By way of example only and not by way of limitation, the container 100′ includes one or more telescopic support assemblies (not shown) corresponding to, in some embodiments, one or more or all of telescopic supports 1001-1004 and/or variations thereof (e.g., in some embodiments, the telescopic supports are not powered, and thus the sub-shelter assemblies 120′ and 130′ may be moved via a separate drive system (or a manual system) not directly associated with the telescopic supports). The telescopic supports support the sub-shelter assemblies 120′ and 130′ in a manner that is the same as and/or analogous to the manner by which the telescopic supports support the sub-shelter assemblies 120 and 130 of the trailer 100.
The following teachings are described with reference to the container 100′ of FIG. 1C. However, it is noted that the teachings herein may be, in some embodiments, equally applicable to technology associated with the trailer 100 and the container 100′. Collectively, the trailer and the container and other applicable shelters may be collectively referred to as mobile enclosures.
FIGS. 2A-2F depict a series of time-elapsed functional views of a cross-section of the container 100′ taken on a plane normal to plane 101′ located at about the middle of the container 100′ (relative to the longitudinal direction thereof) during retraction of the sub-shelter assembly 130′ while the sub-shelter assembly 120′ remains in its fully extended position. As may be seen from the figures, the floor assembly 232 of the sub-shelter 130′ folds upward during refraction of the sub-shelter assembly 130′. This feature is also present with respect to sub-shelter 120′, and would be depicted in FIGS. 2A to 2F if sub-shelter 120′ was being retracted. In at least some embodiments, the floor assembly 232 folds upward in order to provide space for the sub-assemblies to be retracted into the main body 110, while outer wall section 234 and roof section 236 remain generally in the same configuration. In this regard, the functionality of the floor assembly 232 is different than that of the tops (roof sections 236) of the sub-shelters which, as may be seen in the FIGs., interleave with each other.

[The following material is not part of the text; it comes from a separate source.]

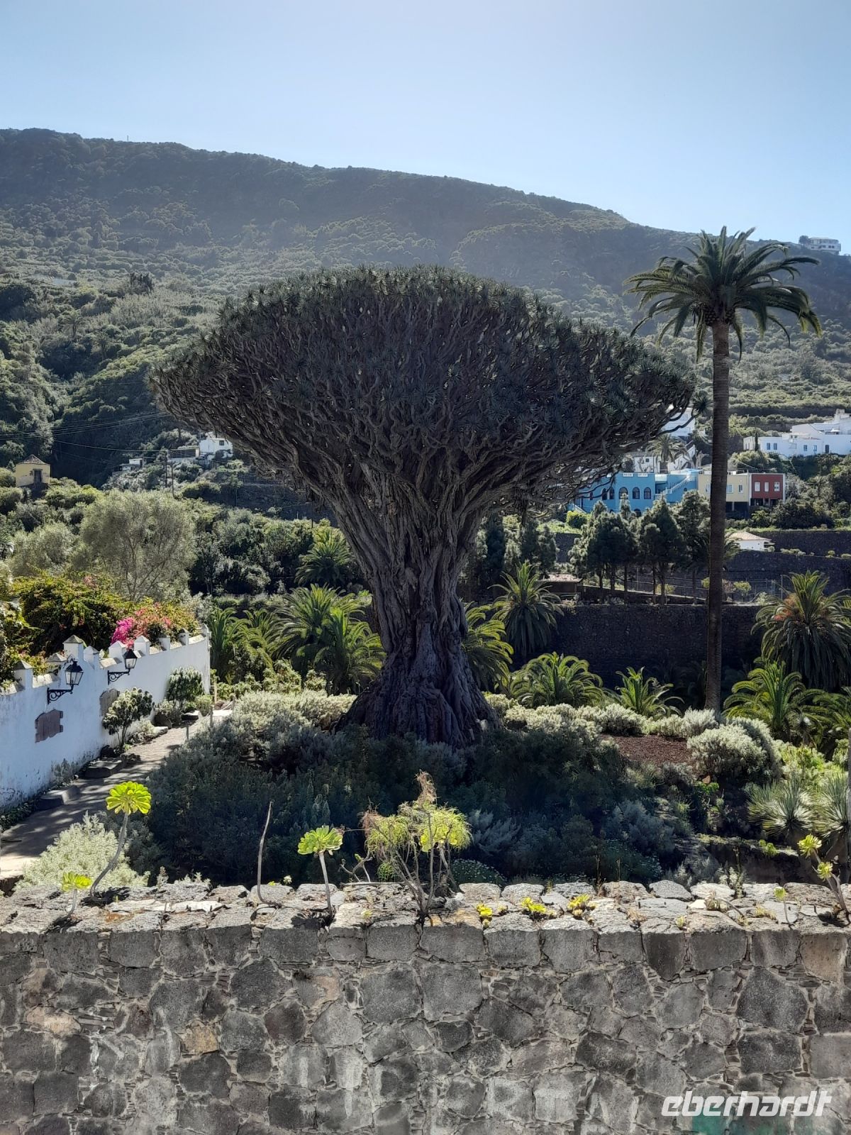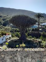 Schon unterwegs zu unserem nächsten Stopp bestaunen wir die, wie riesige Brokkoli in die Landschaft geworfenen Drachenbäume. In dem kleinen Dorf Icod de los Vinos, sehen wir dann wenig später das wohl älteste Exemplar der Welt, den tausendjährigen "Drago Milenario". Er misst sechs Metern im Umfang und bringt es auf eine Höhe von siebzehn Metern. Wirklich beeindruckend, allerdings lernen wir, dass er nicht wirklich ein Baum ist, sondern ein Agavengewächs – so wie Bananen keine Palmen sind, sondern Stauden und sehr eng mit Strelitzien verwandt. Gisela erklärt uns noch eine ganze Menge mehr zur lokalen Botanik bevor wir durch die Berge weiterfahren.

Additional details of some of the features of the floor assemblies of some embodiments are described next below.
As noted above, at least some of the telescopic supports are powered to extend and retract and/or the sub-shelters are configured to extend and retract via alternative sources of power. Owing to the fact that the supports are connected to the sub-shelters at the ends of the supports, retraction of the supports retracts the sub-shelters (i.e., a tension force is applied to the bottom portions of the sub-shelters which results in the sub-shelters being pulled (retracted) into the main shelter body 110′). In an alternative embodiment where the telescopic supports are not powered (a separate system is used to extend/retract the sub-shelters), other retraction forces applied to the sub-shelters still results in the sub-shelters being pulled (or pushed) into the main shelter body 110′. In this regard, an embodiment of the technology includes a purely mechanical structural apparatus (e.g., no hydraulic or electric motors/actuators, etc.) that at least initiates folding of the floor assembly 232 upward as a result of retraction of the sub-shelter 130′ (and likewise for the sub-shelter 120′). In this regard, an embodiment of the technology includes an apparatus that at least initiates folding of the floor assembly 232 upward as a result of retraction of the sub-shelter 130′ (and likewise for the sub-shelter 120′) via a non-powered force.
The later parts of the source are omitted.